Dalle stragi del 7 ottobre al cessate il fuoco, quindici mesi da incubo per Israele e Gaza
Sia per gli israeliani che per i palestinesi, il 7 ottobre è durato più di quindici mesi. Quindici mesi quanto quindici anni. La prospettiva di una tregua dà loro finalmente la speranza che uno dei capitoli più dolorosi della loro storia si stia chiudendo. Ma, dopo 468 giorni di guerra, rimasero sbalorditi. L’accumulo di sofferenze e paure, di rinunce, di preoccupazioni, di morte; sommato all’impressione di vivere un incubo senza fine, dà un sapore amaro alla fine dei combattimenti. Nessuno osa parlare di vittoria. In Israele nulla sarà concluso finché il centinaio di ostaggi ancora nelle mani di Hamas non saranno rilasciati, siano essi vivi o morti. Nella Striscia di Gaza, dopo la resilienza, arriverà il momento della ricostruzione. Si preannuncia lungo.

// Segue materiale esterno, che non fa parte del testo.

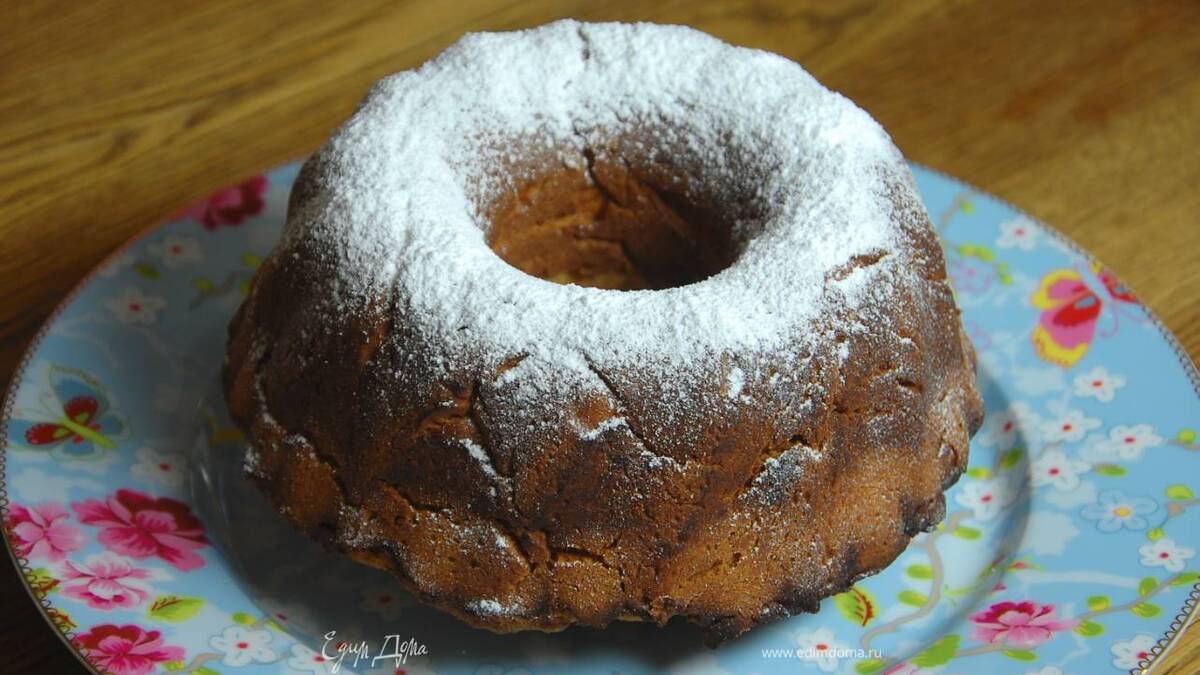 Готовую сдобу, перевернув форму, выложить на тарелку и посыпать сахарной пудрой.
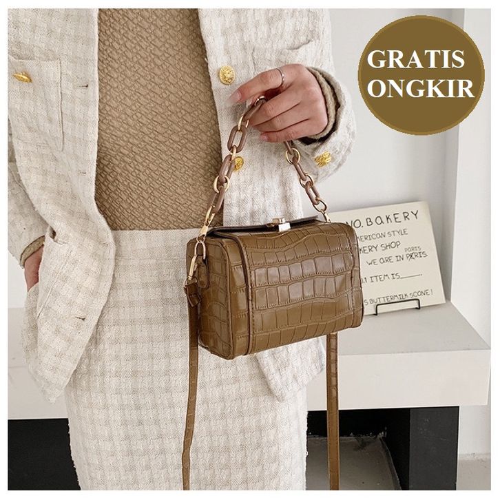 TAS IMPORT SELEMPANG CROCO PERSEGI BAG WANITA CEWEK HANDBAG RANTAI KONDANGAN SHOULDER LB 378

Nei Territori Palestinesi come in Israele, tutti ricordano proprio questo sabato, 7 ottobre 2023, alle 6:29, quando Hamas ha lanciato il suo attacco terroristico. In Israele ha colto tutti di sorpresa.
Quella mattina, gli ebrei israeliani si preparano a celebrare Simchat Torah, che conclude la festa di Sukkot. La gente riposa quando i commando di Hamas, della Jihad islamica palestinese e del Fronte popolare per la liberazione della Palestina fanno saltare la barriera che separa la Striscia di Gaza dal resto del mondo. Contemporaneamente vengono lanciati circa 5.000 razzi verso Israele. In ogni città del Paese, inclusa Gerusalemme, i residenti venivano svegliati dal sonno dal suono delle sirene: un suono che sarebbe diventato loro familiare nei mesi successivi.